Keely May
Faces of blues artists on the covers of vinyl records – Charlie Patton, Mississippi Fred McDowell – span the walls of a room at the End of All Music, Oxford’s record store.
Staffer Ben DuPriest sips coffee in the early morning at a small desk beneath those blues walls, telling stories about the music, and fans who travel to hear it.
DuPriest, who earned his doctorate in ethnomusicology at the University of Pennsylvania researching the blues, is dedicated to finding pathways for artists to express their freedom by looking at what threatens those freedoms – namely the music business, and a lack of financial support – and how it dampens creativity.
To understand any genre of popular music, DuPriest said, not just the blues, you have to come to terms with the forces which undermine creativity, and by extension, freedoms.
DuPriest found the blues in the Delta after moving to Mississippi in 2016 to begin his research, which also began a love affair with backroads and blues festivals. Along the way he gained insight into the harsher realities musicians faced.
His musical interests reach as far back as childhood. As a boy, attending church in Athens, Georgia, the voices of the church choir filled his imagination.
When he began to play the drums, and the sound of drumsticks clashing against his very first drum set filled the house. His father had played drums in high school and college. From elementary school band to middle school choir, music fueled him.
“Everyone had their thing, mine was music,” said DuPriest, as the early light filtered through a small window overlooking the Square, reflecting off a record on his desk, which sent the light dancing across the ceiling.
It marked the beginning of a journey that has taken DuPriest across the Delta exploring the truths and hidden inequities experienced by musicians, the differences between the reality musicians face and fan perceptions of the music.
Once, DuPriest walked into a small local blues spot in the Mississippi Delta, where a sound he couldn’t easily categorize was playing, a funk-jazz.
“Turn that mess off,” DuPriest recalled hearing the man sitting at the front desk yell back to what seemed to be his employees. They replaced it with traditional blues music, crackling through the speakers as DuPriest entered.
Later, DuPriest learned that this new music was not some type of funk-jazz. It was a new, greener branch of blues, he said. Most blues tourists wouldn’t recognize it.
Blues tourism creates a set of expectation that limits what gets heard, shared.
Also, scholars study this relationship of influence and perception, he said. DuPriest wants to support the musicians who do not pander. He seeks the real, not merely the traditional, and not some facade for the tourism industry.
“I don’t want these musicians to be pigeon-holed into a narrow framework that only defines their past and how we perceive the history of the music,” said DuPriest.
He glanced up to the records adorning the walls. Seemingly prompted by the faces of the greats surrounding the room, he began to explain the history of Delta Blues and its deep traditions.
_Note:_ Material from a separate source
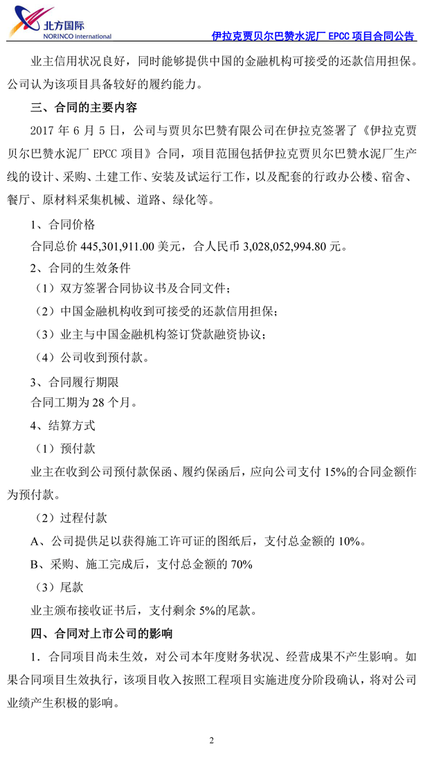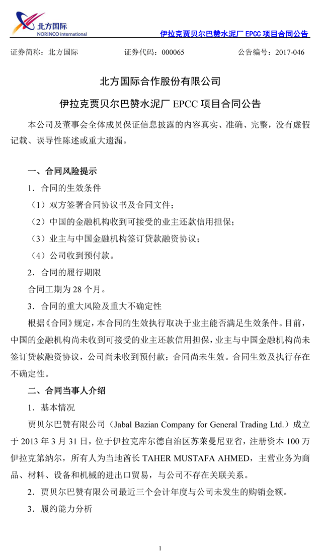 2017年6月5日,北方國際與賈貝爾巴贊有限公司在伊拉克簽署合同,項(xiàng)目范圍包括伊拉克賈貝爾巴贊水泥廠生產(chǎn)線的設(shè)計、采購、土建工作、安裝及試運(yùn)行工作,以及配套的行政辦公樓、宿舍、餐廳、原材料采集機(jī)械、道路、綠化等。合同總價445,301,911.00美元,合人民幣3,028,052,994.80元。

Still, this is not the only reality, he pointed out.
“We should always allow our understanding of musicians to be diverse with respect to musical style- not only valuing musicians who play in a traditional style,” said DuPriest. “The reality is that 90% of the time you’ll see a band, whether that be in Clarksdale or wherever, play a Prince cover or some kind of R&B or soul music.”
Too, DuPriest believes music across genres has become symbolically overvalued, suggesting racial progress when it’s not the reality. “The democratic value of music has become a little bit too common and over-emphasized in areas where there has really been very little progress,” said DuPriest.
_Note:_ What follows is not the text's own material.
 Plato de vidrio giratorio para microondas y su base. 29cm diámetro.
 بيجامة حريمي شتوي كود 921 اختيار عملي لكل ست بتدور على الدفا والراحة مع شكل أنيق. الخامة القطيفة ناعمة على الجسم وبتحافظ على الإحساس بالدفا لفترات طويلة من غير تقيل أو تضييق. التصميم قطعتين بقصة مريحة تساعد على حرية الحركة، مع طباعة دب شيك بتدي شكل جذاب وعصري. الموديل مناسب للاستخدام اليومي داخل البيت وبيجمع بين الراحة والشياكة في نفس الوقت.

DuPriest said that although music can be a great-democratizer, this is not always the case, and the perception of music has been skewed to place artists on pedestals.
It’s not fair to use these artists as a figurehead for social progress when they themselves are often disadvantaged by the relationship that capitalism has created between their music and its listeners, he said. Mississippi places cultural significance on music, but the reality is that these artists are barely making any money.
Capitalism makes the lives of artists difficult, he said. With so little funding available, it is hard for musicians to fully devote their time to music.
He does credit the Mississippi Arts Commission as they work to provide funding for artists in the state, and DuPriest said he is grateful to have worked with them to provide grants to musicians. Still, he believes there is work to be done. “It’s very hard to make enough money to make art in general,” he said.
He wants to uplift these musical artists by providing them with a voice, whether through his research or finding avenues for these artists to experience better financial support.
“It is important to recognize that artists will play in a traditional style, but they are also just as good at playing new music or music from the 60s, 70s, and 80s. Their interest in that is just as interesting to me.”
Keely May is a sophomore from Madison, Mississippi, studying both Public Policy Leadership and Integrated Marketing Communications at the University of Mississippi. In her free time, she enjoys reading, writing, and playing guitar.